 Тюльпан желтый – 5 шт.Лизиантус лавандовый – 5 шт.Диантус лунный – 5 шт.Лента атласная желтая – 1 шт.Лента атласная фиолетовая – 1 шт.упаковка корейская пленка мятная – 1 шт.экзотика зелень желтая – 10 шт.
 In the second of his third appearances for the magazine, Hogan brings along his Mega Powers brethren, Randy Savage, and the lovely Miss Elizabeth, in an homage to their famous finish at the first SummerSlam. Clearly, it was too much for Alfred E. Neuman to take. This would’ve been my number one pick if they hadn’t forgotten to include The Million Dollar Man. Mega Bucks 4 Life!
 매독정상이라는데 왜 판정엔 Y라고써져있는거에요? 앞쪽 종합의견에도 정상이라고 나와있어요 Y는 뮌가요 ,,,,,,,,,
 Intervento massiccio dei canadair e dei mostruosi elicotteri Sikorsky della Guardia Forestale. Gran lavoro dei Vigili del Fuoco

*THE PROBLEM*. Beginning with the opening line and ending with the final one, transcribe the material exactly.

*SOLUTION*.
 Тюльпан желтый – 5 шт.Лизиантус лавандовый – 5 шт.Диантус лунный – 5 шт.Лента атласная желтая – 1 шт.Лента атласная фиолетовая – 1 шт.упаковка корейская пленка мятная – 1 шт.экзотика зелень желтая – 10 шт.
 In the second of his third appearances for the magazine, Hogan brings along his Mega Powers brethren, Randy Savage, and the lovely Miss Elizabeth, in an homage to their famous finish at the first SummerSlam. Clearly, it was too much for Alfred E. Neuman to take. This would’ve been my number one pick if they hadn’t forgotten to include The Million Dollar Man. Mega Bucks 4 Life!
 매독정상이라는데 왜 판정엔 Y라고써져있는거에요? 앞쪽 종합의견에도 정상이라고 나와있어요 Y는 뮌가요 ,,,,,,,,,
 Intervento massiccio dei canadair e dei mostruosi elicotteri Sikorsky della Guardia Forestale. Gran lavoro dei Vigili del Fuoco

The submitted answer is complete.